Гиви Гамдлишвили был молод, красив и удачлив. Он рано заметил, что глаза женщин, на которых он пристально смотрит, начинают блестеть, а голоса внезапно становятся низкими и обретают волнующие бархатные нотки. Однако игра была для Гиви важнее женщин. Эмоции, которые он испытывал за рулеткой или за карточным столом, оказались не сравнимы ни с чем другим. Они были сильнее секса, даже мощнее той легкости и веселья, которые Гиви испытал, впервые в жизни покурив травку.

Когда у Гиви появились первые настоящие деньги, он перестал появляться в классе. Вскоре, махнув рукой на учебу, купил диплом техникума и начал совсем другую жизнь, полную драйва, адреналина, побед, поражений и соблазнов.

Новой страстью игрока Гамдлишвили стали орловские рысаки. Он принялся играть на бегах и потихоньку научился разбираться в тонкостях волнующего, криминального и очень закрытого мира. Мозг игрока, мгновенно просчитывавший варианты, подсказывал единственно правильное решение: на какого рысака надо делать ставку в этом забеге. Через несколько лет Гиви стал своим на Центральном московском ипподроме и сам начал диктовать наездникам условия – какого рысака придержать, а какого, напротив, сделать «темной лошадкой», чтобы «жучки», получившие призовые в кассе, сунули ему в газетке денежки – весьма серьезный процент «за консультацию». В начале девяностых цены на породистых лошадей упали, и Гиви приобрел пару орловских рысаков. Вскоре он стал ездить с ними в те города, где проводились бега с хорошими призами.

Возле Центрального московского ипподрома постоянно крутились темные личности, и Гиви довольно быстро понял: без надежной «крыши» его удача будет недолгой. Впрочем, где искать эту «крышу» парень понятия не имел. На помощь пришел случай.
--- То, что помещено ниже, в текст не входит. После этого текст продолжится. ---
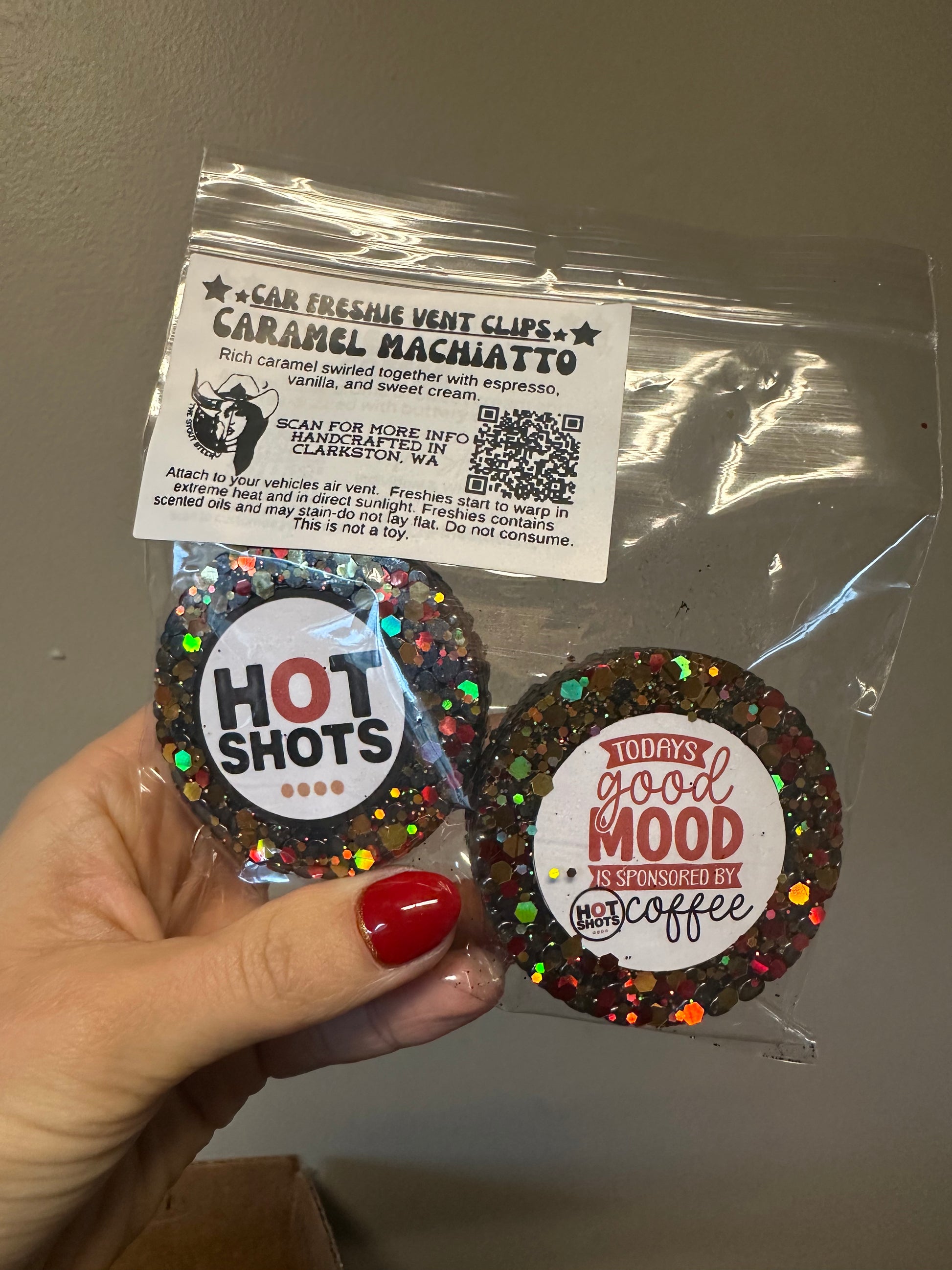 Want to offer premium, long-lasting freshies for your customers, while promoting your business? Promote your business in a fun way that also serves a purpose to your customers. I offer rearview hanging freshies and vent clip freshies. Vent clip freshies will come with horizontal vent clips or hanging vent clip option. I will best match the colors to your logo and usually use glitter, unless otherwise specified. MINIMUM QUANTITY OF 10 TOTAL IN ORDER TO QUALIFY FOR WHOLESALE PRICING.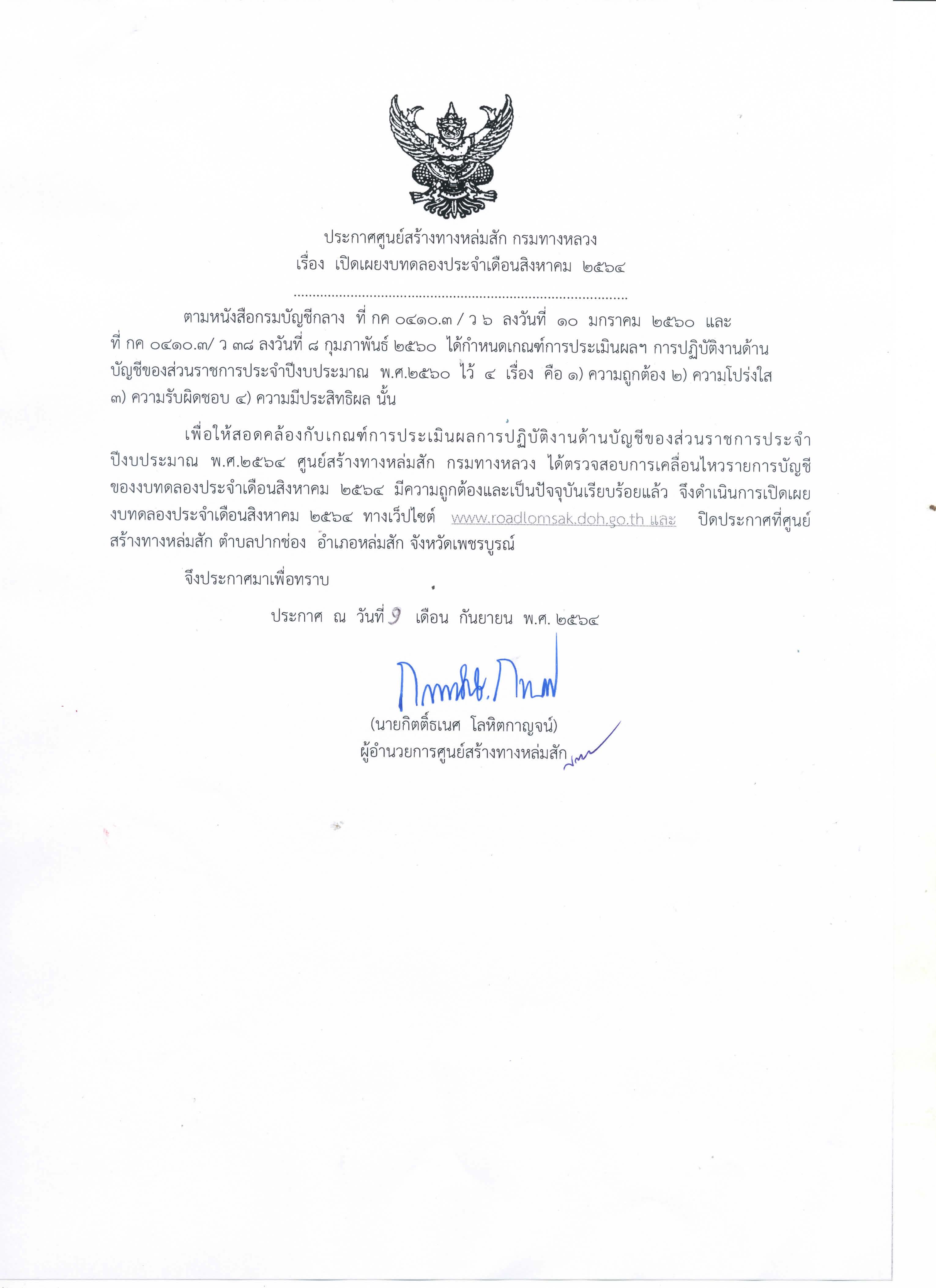 ประกาศเปิดเผยงบทดลองประจำเดือน สิงหาคม 2564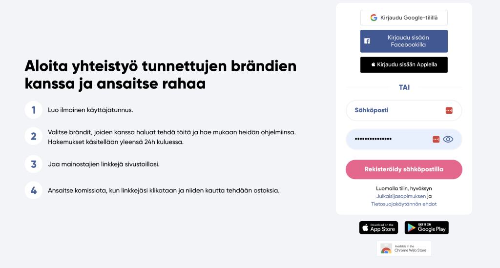 Jos affiliate-markkinointi ei ole sinulle ennestään tuttua, voit tutustua siihen lukemalla näitä blogitekstejä.

Гиви решил отметить крупный выигрыш буквально в двух шагах от ипподрома – в ресторане гостиницы «Советская». Когда-то там находился знаменитый «Яр» и пели известные на всю Москву цыганки Ляля и Варя. Теперь все было, конечно, пожиже, но по-прежнему в историческом зале пировали сомнительные личности, прожигавшие в «Советской» жизнь совсем не по-советски.

В тот день внимание Гиви привлекла красивая ухоженная женщина лет тридцати пяти. Она сидела за соседним столиком с мужчинами чуть постарше ее и заразительно смеялась. В товарищах дамы угадывалась офицерская выправка и умение много пить, не теряя при этом ни голову, ни равновесие. Мужчины шутили и постоянно чокались с незнакомкой. Она была оживлена, удачно парировала их «приколы», но никого из компании не выделяла. Гиви вскоре стало ясно, что эта ухоженная особа не принадлежит никому из мужчин. Он взглянул на незнакомку тем особенным долгим взглядом, от которого женщины всех возрастов и национальностей теряли голову. Дама милостиво улыбнулась симпатичному грузину. Маленький чернявый тенор запел на эстраде «Эти глаза напротив». Гиви подозвал официанта и попросил его передать соседнему столу бутылку шампанского.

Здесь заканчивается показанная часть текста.